1. A method for improving the accuracy of mass spectrometry alignment of antibody CDR3 peptide, the method comprising: 1) Mass spectrometry analysis was performed on the sample containing the antibody CDR3 peptide to obtain a primary spectrum. Candidate sequences of the CDR3 peptide were obtained from the database by comparison with the database. These candidate sequences have extremely similar molecular weights to the CDR3 peptide (i.e., the molecular weight error is within the tolerance range, typically ±1.5 parts per million, 3 parts per million, or 4.5 parts per million, etc.). 2) Obtain the secondary spectrum (i.e. fragment spectrum) of the sample and compare it with the theoretical secondary spectrum of the candidate sequence, and select the sequence from the candidate sequence whose N-terminal ion spectrum of the secondary spectrum matches the N-terminal ion spectrum of the sample's secondary spectrum.

2. The method according to claim 1, wherein the method further comprises: In cases where secondary spectrum identification is difficult, the tolerance of the primary spectrum in step 1) is reduced.

3. The method according to claim 1 or 2, wherein the sample is subjected to enzymatic digestion before step 1).

4. The method according to claim 3, wherein an enzymatic digestion is performed using a protease, such as trypsin, chymotrypsin, intracellular protease Asp-N, or endonuclease Glu-C.

5. The method according to any one of claims 1 to 4, wherein the sample comprises one or more antibody molecules, such as serum and plasma.

6. The method according to any one of claims 1 to 5, wherein the method further comprises: The antibody CDR3 peptide is chemically modified at its N-terminus. This N-terminal chemical modification can enhance the charge of the N-terminal ion fragments after fragmentation, thereby enhancing their N-terminal ion spectrum signal.

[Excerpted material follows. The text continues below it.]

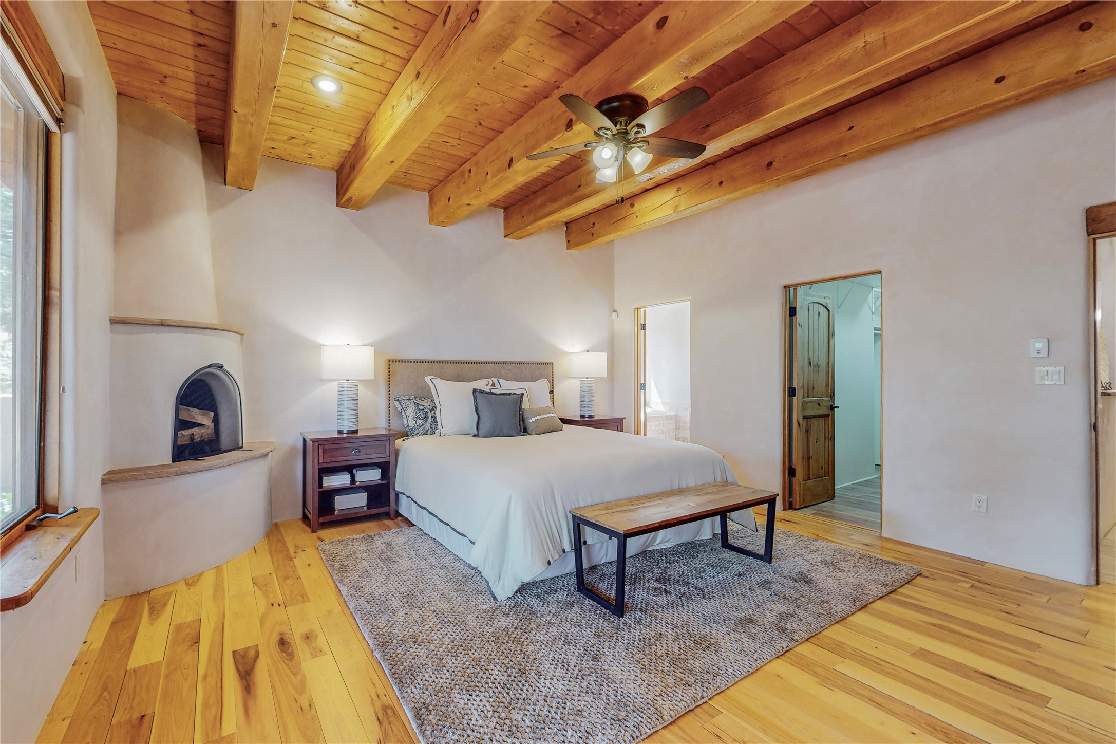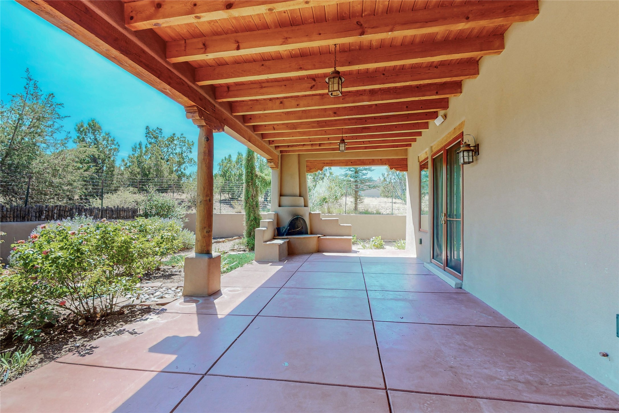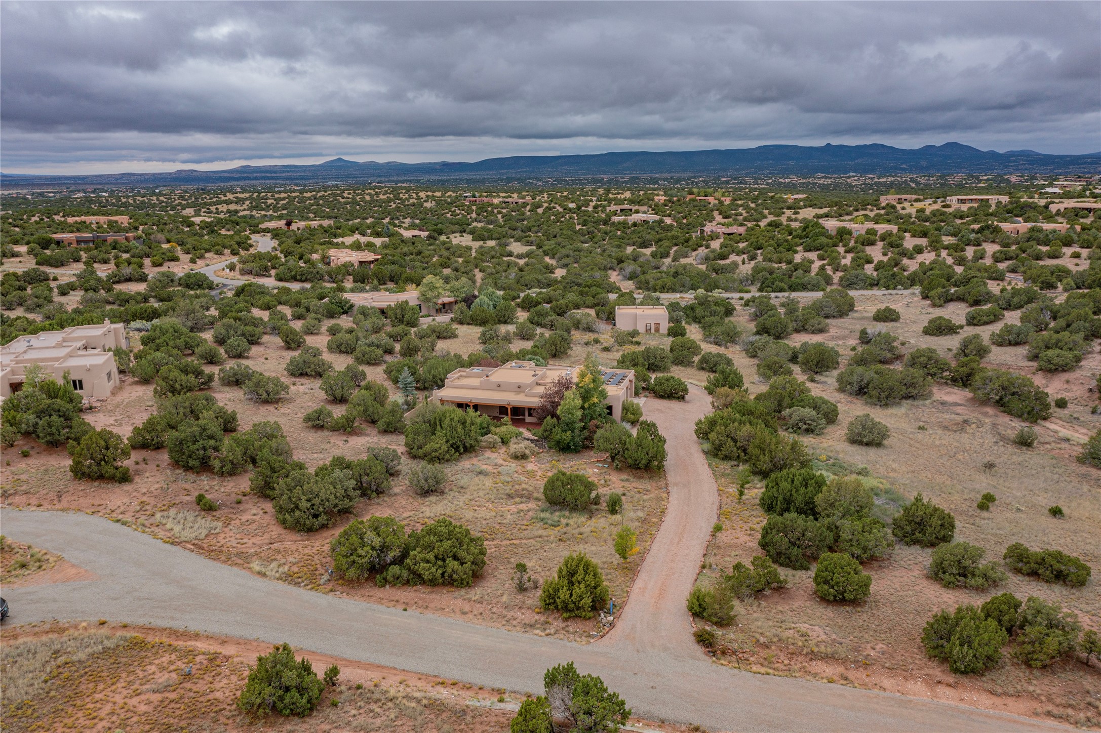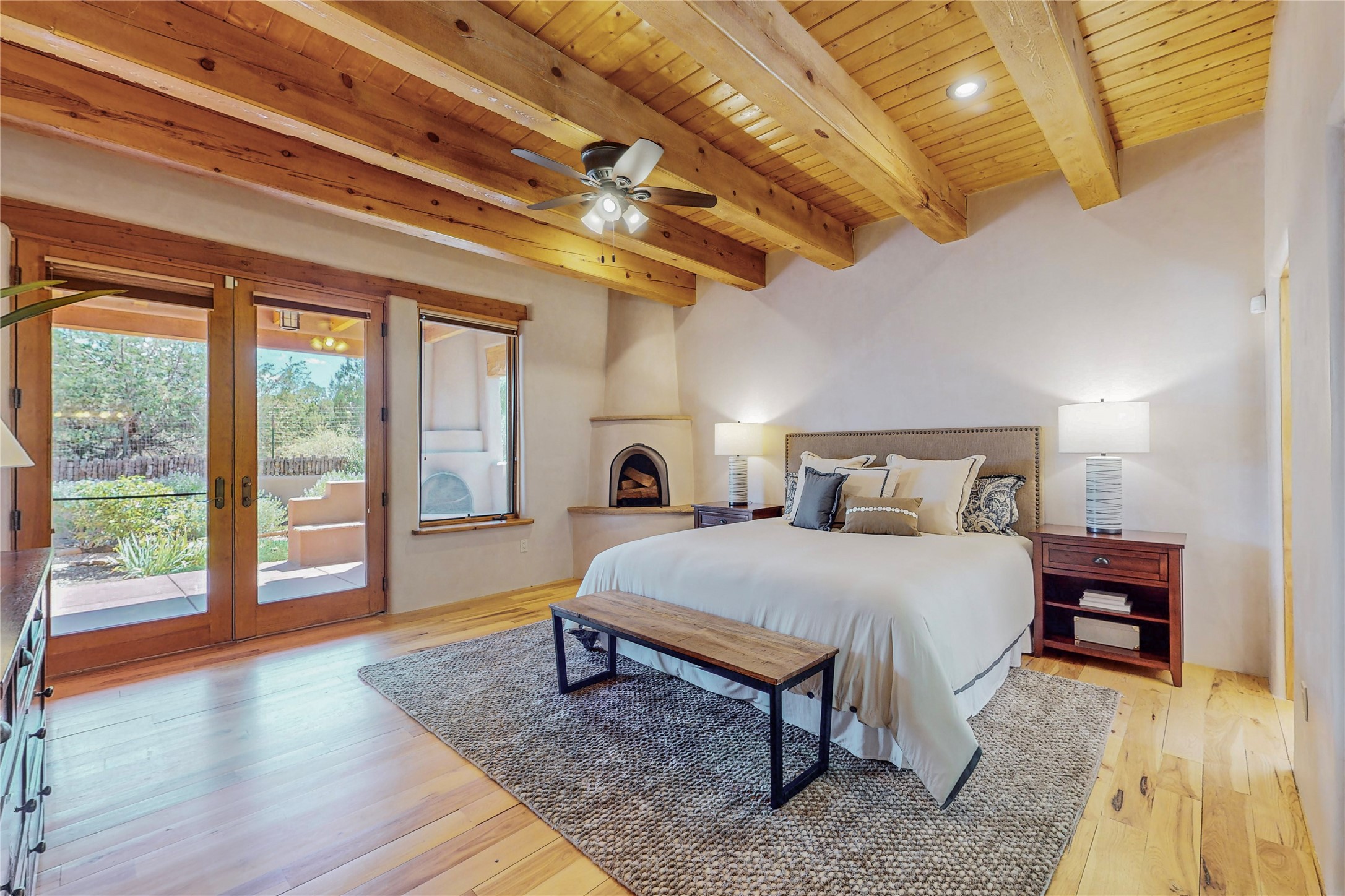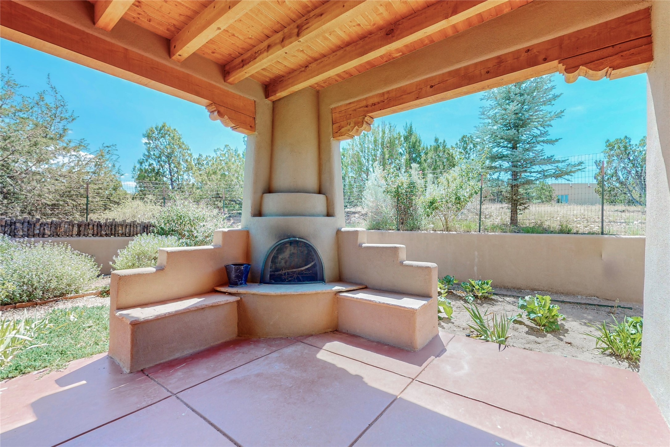 Welcome to this solar property with a desirable floor plan on 2.5 acres, just 16 minutes to The Plaza. This one-owner home offers 3/4 bedrooms. The 4th bedroom is ideal for a den or home office. An ideal home for entertaining. The kitchen opens easily to the living and dining areas. The primary suite has a kiva fireplace and ensuite bath with circular shower and soaking tub. Beautiful pine flooring in all the bedrooms. In-floor radiant heat throughout, including the 3-car garage. Enjoy the mature landscaping on the large portal, complete with a kiva fireplace. This home is pre-inspected and ready for new owners!

7. The method according to claim 6, wherein a molecule that enhances ionic charge and has N-terminal modification activity of the peptide, such as ox1a, is used to chemically modify the N-terminus of the antibody CDR3 peptide.

8. The application of the method according to any one of claims 1 to 7 in mass spectrometry-based proteomics detection, wherein the protein detected in the proteomics is an antibody.

9. A mass spectrometry-based proteomics detection method, wherein the protein detected in the proteomics is an antibody, the method being characterized by comprising: In secondary spectrum comparison, the ion spectra of the hypervariable regions of CDR3, CDR1, or CDR2, or combinations thereof, are used as one of the screening criteria.